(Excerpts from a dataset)
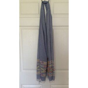 World Market Light Blue Aztec Scarf 79” x 26.5” Lightweight Soft Fringe
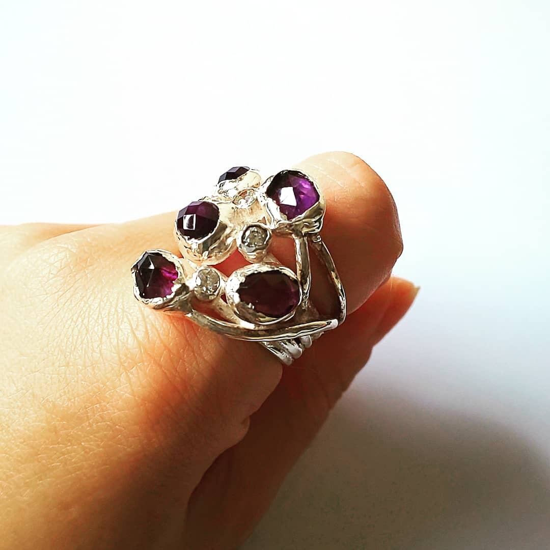 イタリア製、アメジスト、ジルコニア、シルバー、19号
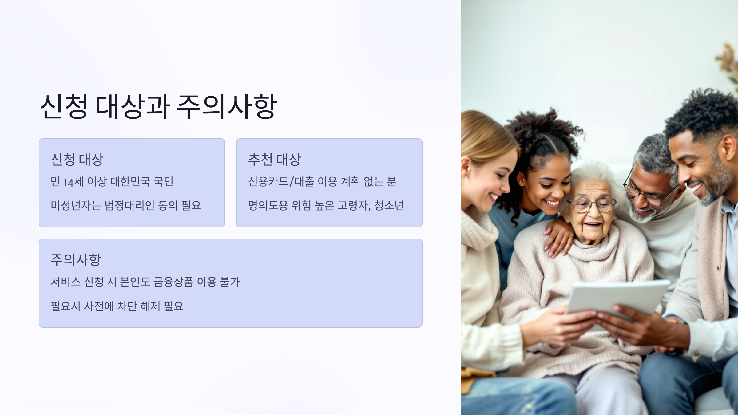 ‘내가 신용거래를 원하지 않을 때는 완벽하게 막을 수 있다’는 것이 이 서비스의 핵심이에요. 특히 취업준비생이나 노년층처럼 여신 이용 가능성이 낮은 사람들은 장기적으로 등록해두는 것도 안전한 선택이에요.
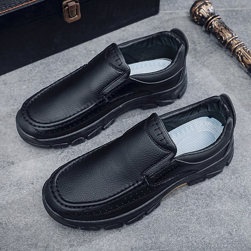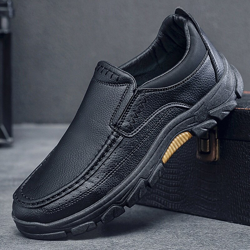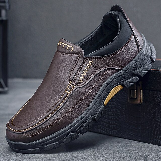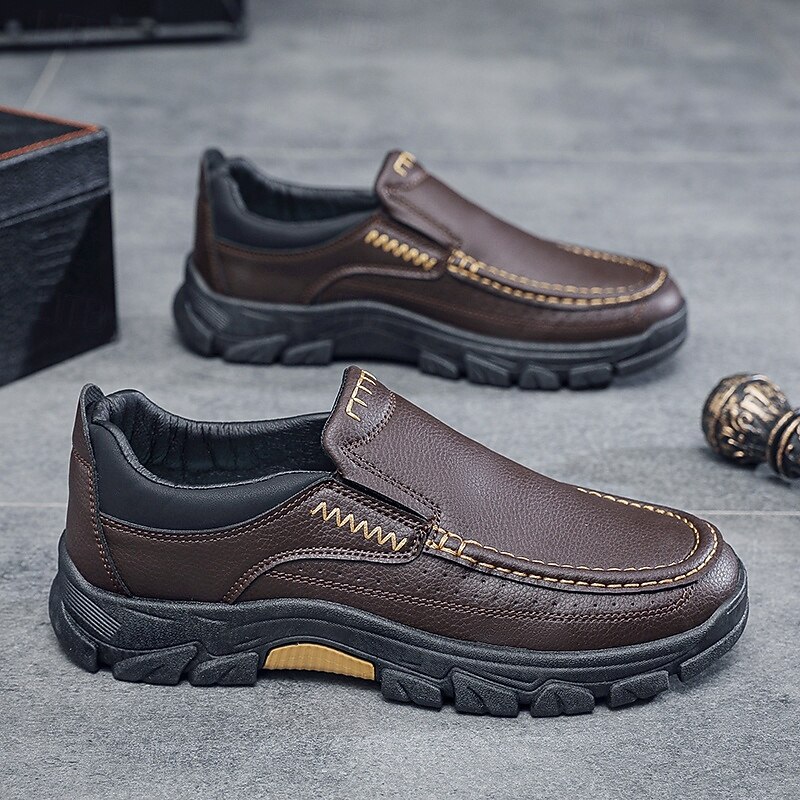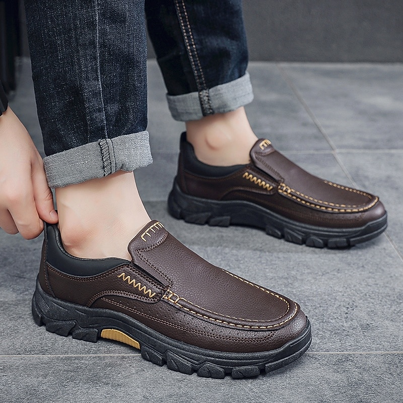 HOT ! Men's Dark Brown Slip-On Leather Shoes with Rugged Sole - Durable and Fashionable Footwear for Outdoor Use
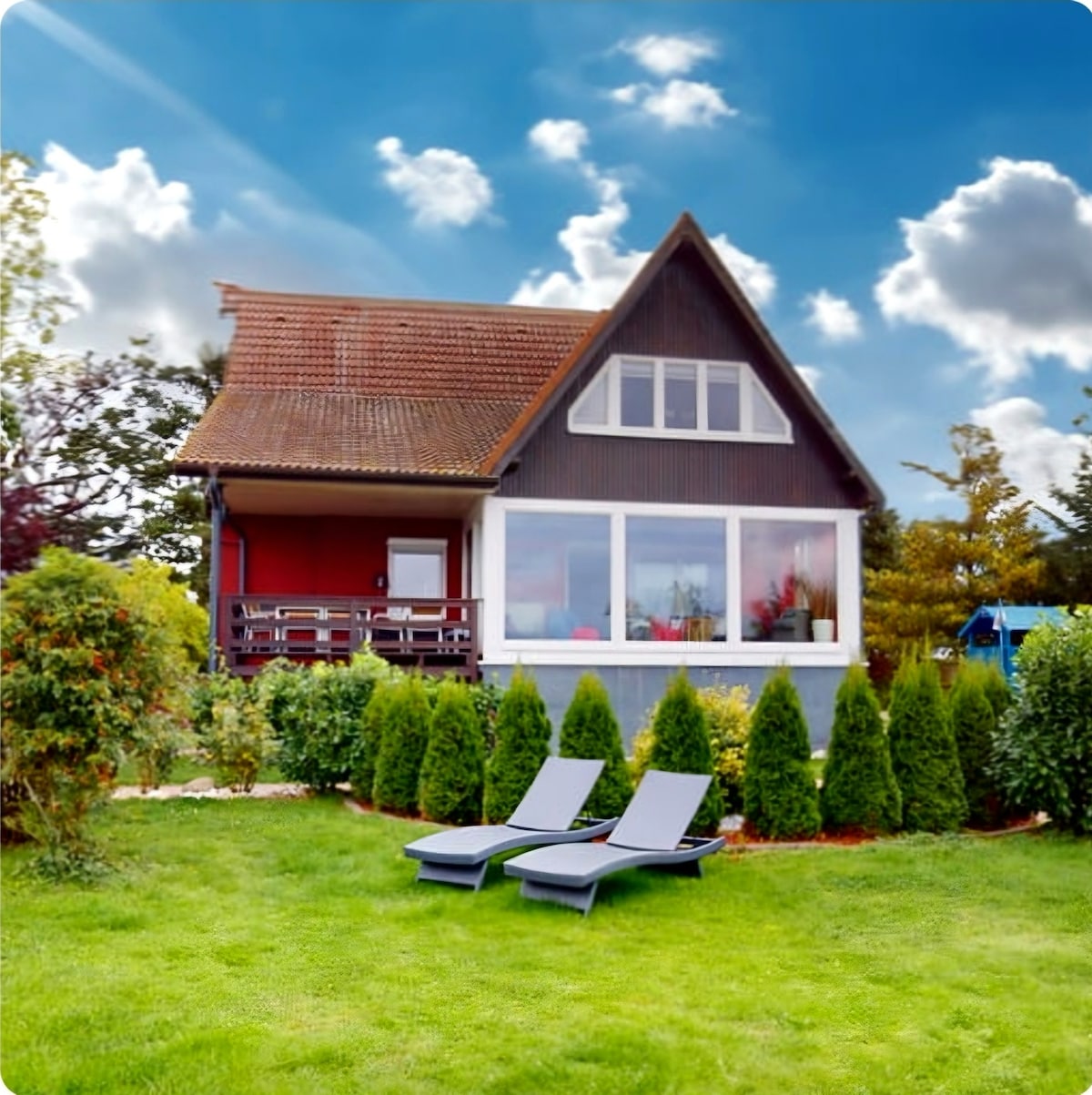 Du wohnst ganz allein mit deinen Lieben in dem geräumigen Haus auf dem großen Grundstück direkt am Peene-Strom. Das Haus ist hochwertig und modern eingerichtet. Die Zimmer sind gemütlich und individuell. Das Herzstück ist der große Wintergarten mit Blick auf das Wasser. Du findest hier einen ruhigen und idyllischen Ort inmitten der Natur am Wasser.Für Abwechslung sorgt ein Riesentrampolin, Gokarts, Tischtennis, Fußballkicker, Dartscheibe oder die Kajaks, um die Gegend vom Wasser aus zu erkunden.

▶ _What needs to be done_
Here the job is to retype exactly the lines that start at the one containing "것도 안전한 선택이에요." and run through the end of the records above, leaving out pictures.

▶ _Reply_
 ‘내가 신용거래를 원하지 않을 때는 완벽하게 막을 수 있다’는 것이 이 서비스의 핵심이에요. 특히 취업준비생이나 노년층처럼 여신 이용 가능성이 낮은 사람들은 장기적으로 등록해두는 것도 안전한 선택이에요.
 HOT ! Men's Dark Brown Slip-On Leather Shoes with Rugged Sole - Durable and Fashionable Footwear for Outdoor Use
 Du wohnst ganz allein mit deinen Lieben in dem geräumigen Haus auf dem großen Grundstück direkt am Peene-Strom. Das Haus ist hochwertig und modern eingerichtet. Die Zimmer sind gemütlich und individuell. Das Herzstück ist der große Wintergarten mit Blick auf das Wasser. Du findest hier einen ruhigen und idyllischen Ort inmitten der Natur am Wasser.Für Abwechslung sorgt ein Riesentrampolin, Gokarts, Tischtennis, Fußballkicker, Dartscheibe oder die Kajaks, um die Gegend vom Wasser aus zu erkunden.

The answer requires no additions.